**Instructions for the task**
Could you return, exactly as written, every line from the one containing "museum-quality tapestry design" through the last line of the entries below, leaving out the pictures?

[Dataset excerpts]
·····

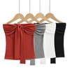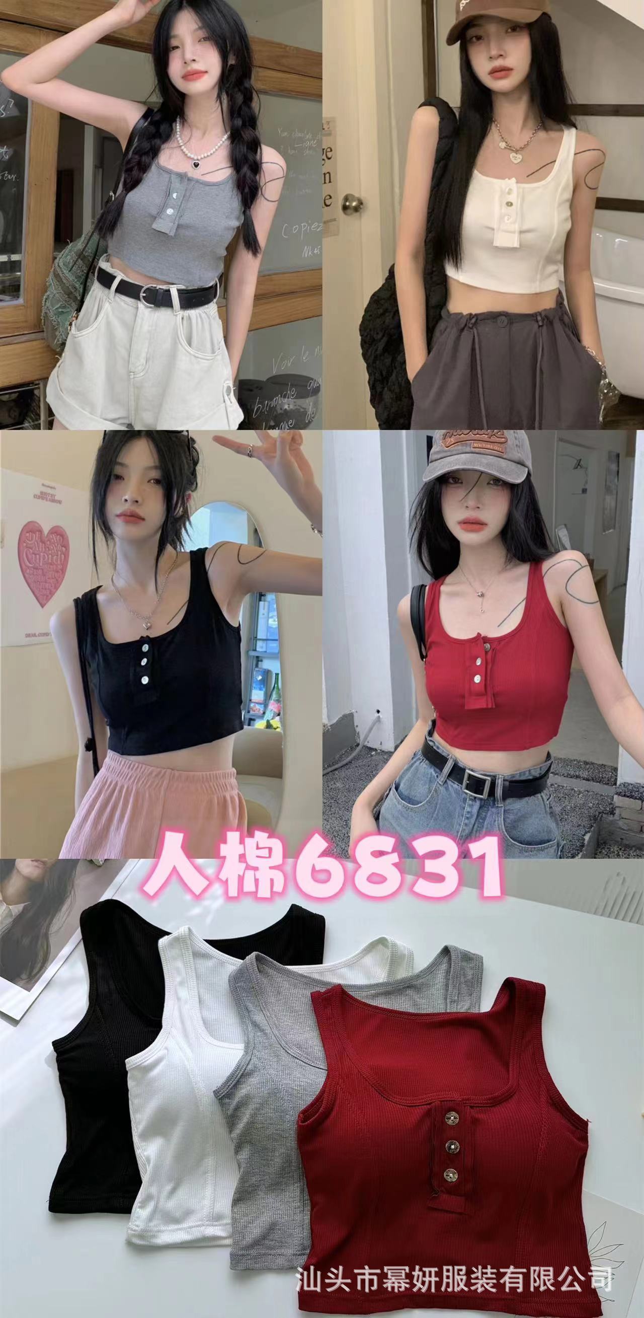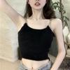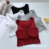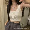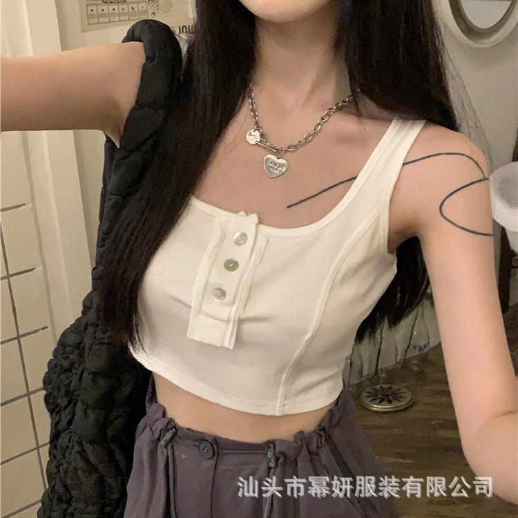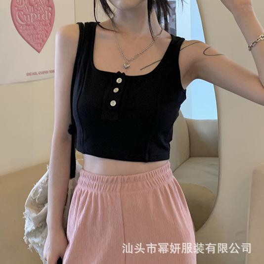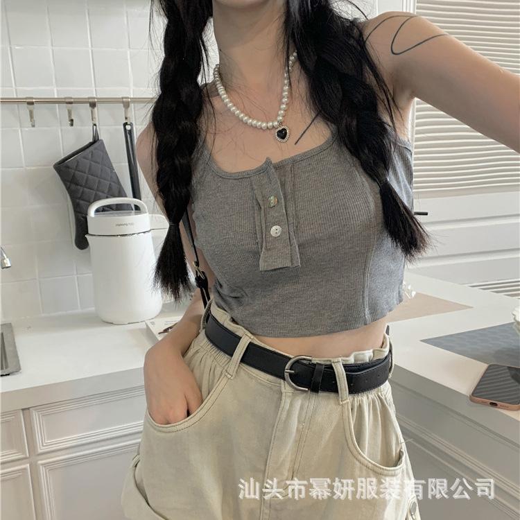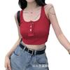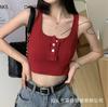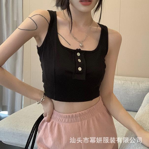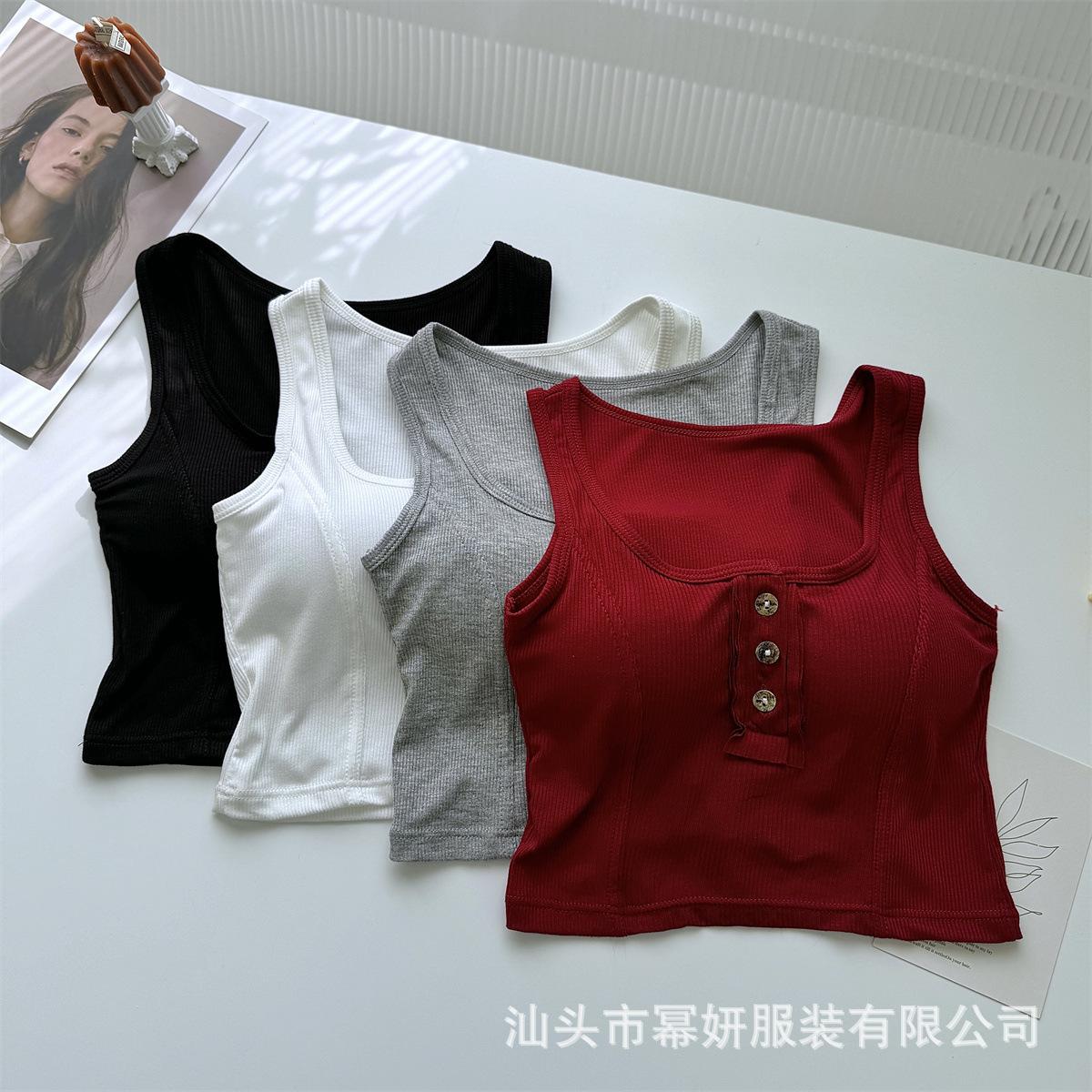 Algodón Puro Sexy Botón Camisola Chaleco de Hombro Ancho con Almohadilla en el Pecho Cuello U Grande Top Ombliguera Antiluz
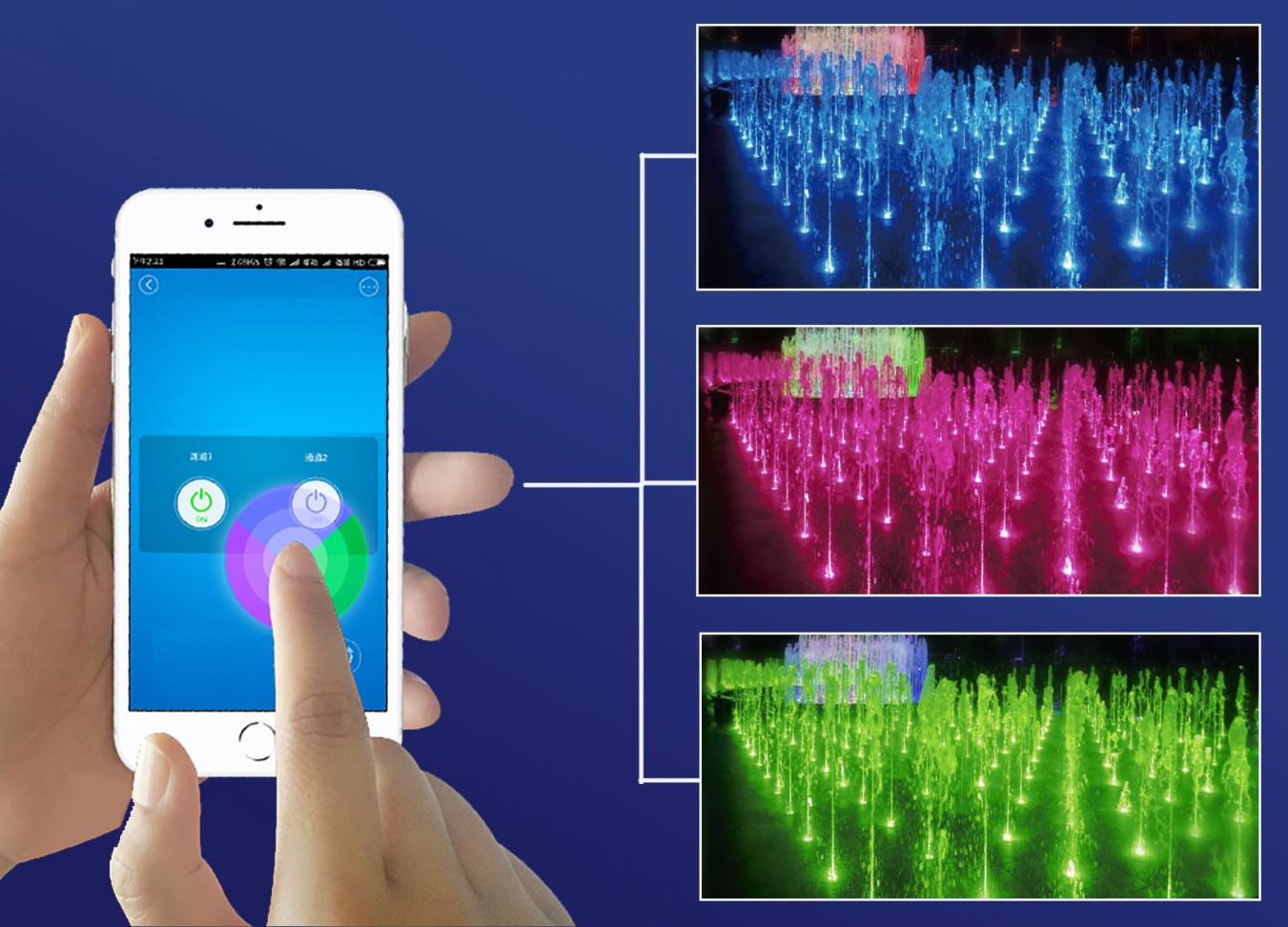 (手機(jī)通過(guò)遠(yuǎn)程控制可以實(shí)現(xiàn)噴泉水景燈光控制)
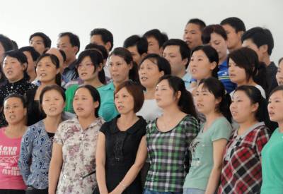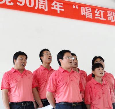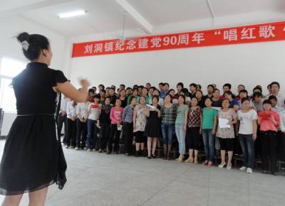 为迎接建党90周年, 6月1日下午,郧县刘洞镇教育工会组织教职工举行了“红歌献给党”大赛,教师们用歌声讴歌对党的忠诚和热爱。 ( 高超 摄)
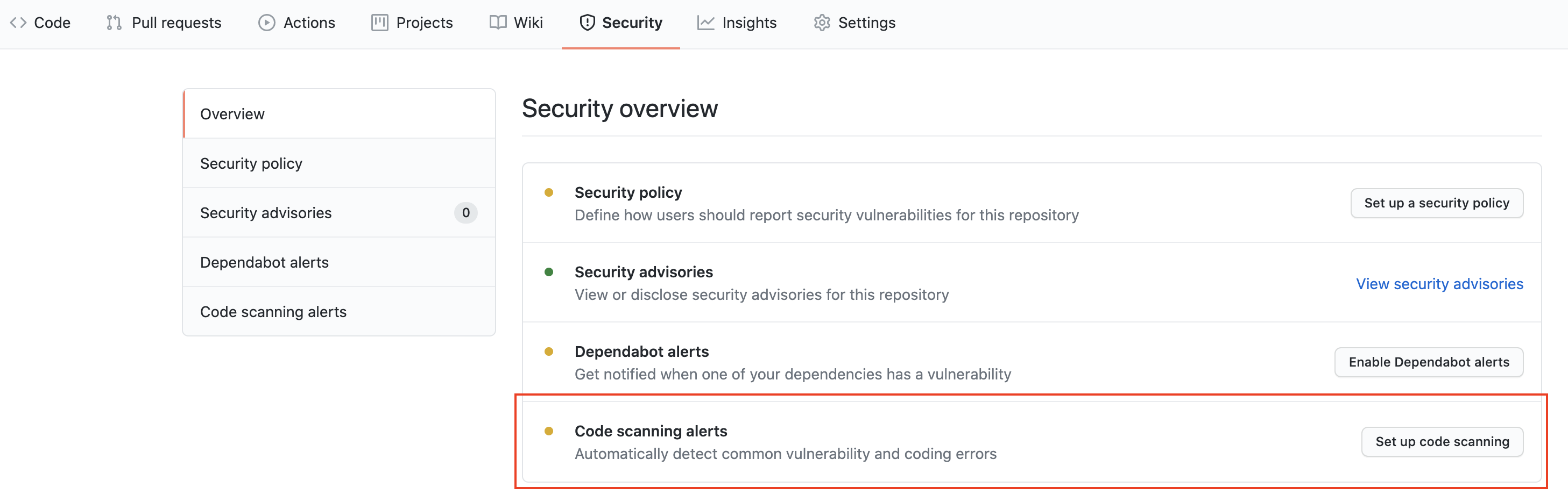 Set up code scanning 클릭합니다.
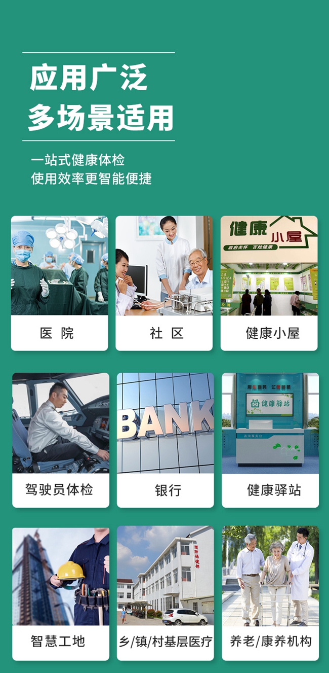 SH-N15 智能健康體檢一體機,測量功能多樣,智能轉場便捷,廣泛適用于健康小屋、醫院、社區、養老機構、企/事業單位、金融保險、駕駛員崗前體檢等領域。
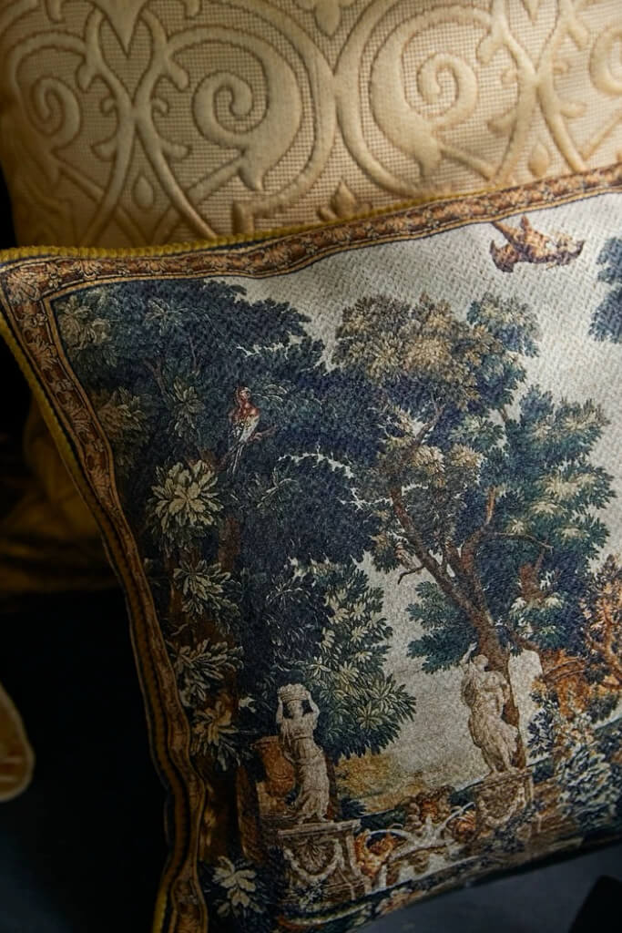 • Premium chenille fabric with museum-quality tapestry design
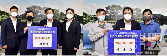 제17회 제천국제음악영화제가 안전하고도 즐거운 축제를 위해 심혈을 기울이고 있는 가운데, 신한은행 충북지사에서는 강영구 본부장이 참석해 5천만원 협찬금을, 휴온스에서는 고재천 전무가 참석해 5천만원의 협찬금을 이상천 제천시장(제천국제음악영화제 조직위원장)에게 전달했다.

·····

**Task response**
 • Premium chenille fabric with museum-quality tapestry design
 제17회 제천국제음악영화제가 안전하고도 즐거운 축제를 위해 심혈을 기울이고 있는 가운데, 신한은행 충북지사에서는 강영구 본부장이 참석해 5천만원 협찬금을, 휴온스에서는 고재천 전무가 참석해 5천만원의 협찬금을 이상천 제천시장(제천국제음악영화제 조직위원장)에게 전달했다.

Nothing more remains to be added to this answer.